На этом и весь комикс.
Я подхожу ближе, присматриваюсь, ничего не понимая. Зачитываю реплики персонажей вслух:
— Осг. Ра-авим. Пожы-ырок? На-ма-чил-ке. И что это значит?
Язык кажется бессмысленным, нелепым, каким-то ломанным, однако… Слова знакомые. Раньше я слышала тот же разговор, но в другом, более привычном виде. Где и когда?
Пытаясь это вспомнить, зависаю перед комиксом. Мой пульс будто замедляется.
Вдруг головы-кружочки поворачиваются и смотрят на меня в ответ.
— Жи ацаешься в Лушмарье, — буквы подсвечиваются изумрудными искрами, скребут фонарный столб и захватывают пространство.
Пульсируя волнами, они пятнают взор, ослепляют, притягивают меня магнитом, окутывают в кокон и погружают в тёплый день, откуда доносится музыка без слов, пахнет пирожными, черничным чаем и весной.
В день, когда всё изменило моё бессилие, и зародились страхи.
Глава 3. Салатовое солнце
21 марта
Круглые столики кофейни пусты. Здесь только я в дальнем углу завариваю чай; и бледный бариста, заправляя под сеточку выбившийся локон, насухо вытирает чистые чашки. Он не смотрит в мою сторону. Я знаю почему и подозреваю, что через десять минут отводить взгляд ему станет сложнее.
Сквозь прозрачные витрины льются лучи света, забираются в кристалл наддверного ловца солнца и радужными каплями растекаются по кремовым стенам. В этих бликах я вижу разноцветные снежинки, конфетти и дождь. Нахожу сходство с антуражем моего «Карманного мира». Улыбаюсь, всё ещё чувствуя на пальцах липкие шуршащие блёстки — всю ночь я обваливала миниатюрные фигурки облаков и погружала в эпоксидный макет.
Натке понравится. Завтра я вручу ей уникальную вещицу, которую нигде не купить. Месяцы кропотливой подготовки и лепки, десятки неудачных попыток детализировать каждый миллиметр, бессонница и пропущенные пары — всё стоит того, чтобы подруга восторженно верещала в свой день рождения. Лишь бы успеть завершить подарок.

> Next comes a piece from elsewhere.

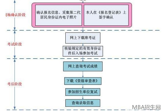MBA報考流程包括網上報名和現場確認兩個階段。應屆本科畢業(yè)生原則上應選擇就讀學校所在省(區(qū)、市)的報考點辦理網上報名和現場確認手續(xù)。其考生應選擇工作或戶口所在地省(區(qū)、市)的報考點辦理網上報名和現場確認手續(xù)。

С ловца я перевожу взгляд на пузатенький стеклянный чайник, что стоит на моём столе. Заварка парит в кипятке, темнеет, раскрывает аромат черники. В отражении на меня смотрит сонный человек со спутанной косой, понурыми плечами и осанкой-полумесяцем. Я слегка взбалтываю чайник и поднимаю вихрь чаинок, желая смахнуть с поверхности моё лицо.

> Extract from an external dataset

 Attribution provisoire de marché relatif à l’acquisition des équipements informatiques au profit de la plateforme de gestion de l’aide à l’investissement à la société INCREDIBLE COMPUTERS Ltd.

Дверь кофейни распахивается, запускает свежесть и шум улицы. Заходит круглолицая девушка в салатовой куртке из кожзама, ищет меня взглядом и с порога заявляет так, чтобы слышал весь мир:
— Какой-то придурок обозвал меня женщиной, Тори! Вот честно скажи, я опять поправилась?
— Нет, — я вру, надеваю очки и присматриваюсь, тут же добавив искренности: — Брось, выглядишь свежо, как листья мяты.
Комплимент выходит таким же неудачным, как моё отражение в чайнике. К счастью, Натка не слышит: замечает бариста за стойкой. Он надевает улыбку и приветствует кивком.
— Здравствуй?.. Те, — запинается Натка.
Она краснеет, отворачивается и, стуча каблуками по керамическому полу кофейни, спешит ко мне за столик. Песчаные пружинки волос подпрыгивают от движения и рассыпаются по плечам. Бренчат металлические заклёпки и застёжки на рукавах, куртка переливается жёлто-зелёным сиянием, как полярное небо над Севером. Наталия Соколова — девушка-акцент. Вызов серому городу, яркий самоцвет среди речных камней. Она похожа на абстракцию, а я рядом с ней кажусь призрачной молью.
Натка плюхается напротив, сбрасывает на пол компактный рюкзак и, наклонившись через столик, громко шепчет:
— Не знала, что сегодня работает он!
Последнее слово она выделяет с особым недовольством.
— Твой бывший тоже вряд ли ожидал, что утром в будний день припрёмся мы, — отвечаю в защиту. — Обычно нас приносит вечерами.
Вздохнув, Ната поднимает рюкзак и достаёт зеркало, чтобы поправить лёгкий макияж.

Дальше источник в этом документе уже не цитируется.